* INPUT MATERIAL *
====

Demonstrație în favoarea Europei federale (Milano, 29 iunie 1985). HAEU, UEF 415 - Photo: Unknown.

====

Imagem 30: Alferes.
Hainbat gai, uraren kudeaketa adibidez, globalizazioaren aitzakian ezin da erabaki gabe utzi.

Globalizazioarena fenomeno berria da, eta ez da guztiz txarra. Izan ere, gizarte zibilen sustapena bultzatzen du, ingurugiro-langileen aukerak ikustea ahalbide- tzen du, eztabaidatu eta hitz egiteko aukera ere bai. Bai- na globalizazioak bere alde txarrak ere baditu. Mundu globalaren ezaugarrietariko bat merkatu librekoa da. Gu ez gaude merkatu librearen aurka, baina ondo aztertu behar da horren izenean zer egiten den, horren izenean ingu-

====

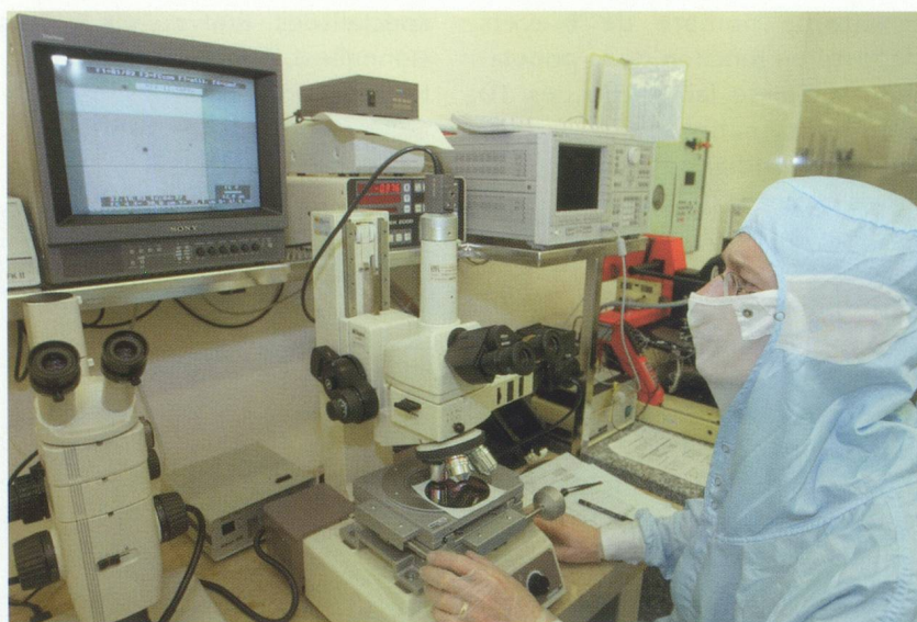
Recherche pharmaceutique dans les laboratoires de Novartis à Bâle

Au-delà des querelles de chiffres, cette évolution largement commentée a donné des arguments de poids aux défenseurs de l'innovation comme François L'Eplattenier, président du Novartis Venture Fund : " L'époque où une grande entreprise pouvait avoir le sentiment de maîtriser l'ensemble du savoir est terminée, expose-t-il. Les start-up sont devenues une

====

* TASK BRIEF *
Here the output must be the lines above from the line with "Recherche pharmaceutique dans" to the line with "Au-delà des querelles", both included, duplicated word for word and nothing else.

* EXPECTED ANSWER *
Recherche pharmaceutique dans les laboratoires de Novartis à Bâle

Au-delà des querelles de chiffres, cette évolution largement commentée a donné des arguments de poids aux défenseurs de l'innovation comme François L'Eplattenier, président du Novartis Venture Fund : " L'époque où une grande entreprise pouvait avoir le sentiment de maîtriser l'ensemble du savoir est terminée, expose-t-il. Les start-up sont devenues une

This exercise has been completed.